Vision AI: Our journey teaching tech how to see like humans

Over the past few years, my team and I have been running experiments on vision AI, testing its ability to “see” and recognize objects the way human beings do.

You’re teaching AI too

It’s not just us doing this. Big tech companies have spent years in training their own vision AI. If you’re a Google Chrome user, you’ve probably been asked more than once to click on images of traffic lights or bicycles. Facebook has probably asked you to confirm photo tags of you or your friends. Every time you respond to these prompts, you’re actually helping their AI learn.

Through their users, big tech image training can produce fast results. However, this method can be costly, and we have used that constraint to explore an alternative way.

AI training is expensive

If I were to train a computer’s neural network to be truly visually “intelligent” - for instance if I want it to recognise a physical product - I believe using the actual objects instead of just pictures would produce much more accurate results.

But I’d need thousands and thousands of visual data - every shape, angle, and variation of what a box could look like and how it is used. It’s overwhelming to think about how much it costs to acquire, store, and feed data for the AI to consume. I’ll need lots of people and machines for all the objects I need to bring in.

Combining familiar tools with unfamiliar methods

To save time and money, and to increase prediction accuracy, we wanted to test the idea of using computer-rendered objects. In other words, training our vision AI with 3D objects and environments.

A single physical object render can be viewed in full 360° - generating synthetic data with a hundredfold variations for our AI model to consume. With a handful of samples and adjustable variables, we can multiply our datasets and introduce new variables as quickly as required.

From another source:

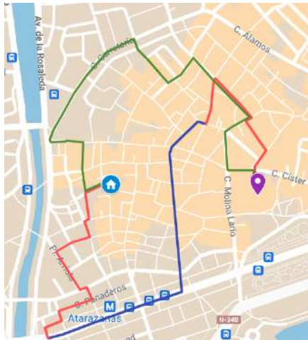
Itinerario de 1993 Salida 19:45 A su templo 02:30 Duración 6 h. 45 min. Distancia 3214 m.

Having a virtual training environment and automating annotation can speed up validation testing - and with our AI on edge, it is cutting us a ridiculous amount of cost.

Does it work?

So far, it is working for us and we are seeing positive results - we estimated that using a virtual 3D environment and objects to train a model, we are 47% faster compared to the standard approach. The current model can recognise physical products with an accuracy of 83%+, our training continues. More than producing more data, our challenge is to find a strategy that will allow us to have the most experiment cycle possible.

Is this the best approach? Perhaps others have tried this before. Tesla does simulation training using a detailed 3D map of the world and culling data from their fleet. There’s a study recommending 3D renders over natural images for teaching view-based OCR. Another research also used virtual data and showed promising results for large-scale training.

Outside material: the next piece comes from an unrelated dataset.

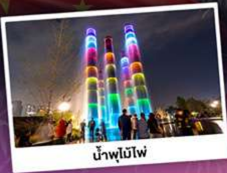
น้ำพุไม้ไฟ

"ภูเขาหิมะ" ภูเขาที่ใหญ่ที่สุด สัมผัสบรรยากาศหิมะขาวโพลน

Our own testing has shown promise. We have successfully used 3D synthetic environments to train the ML model for Concept SALi, a smart self-service package shipping kiosk for Australia Post.

From there, we have built Viana, a product by meldCX, which is a Vision AI software that allows businesses to gather in-store demographics and content effectiveness data — without collecting any identifiable information on individuals. How, you may ask? By training our AI models with synthetic data.

To learn how your business can benefit by using AI, schedule a live demo with one of our product experts.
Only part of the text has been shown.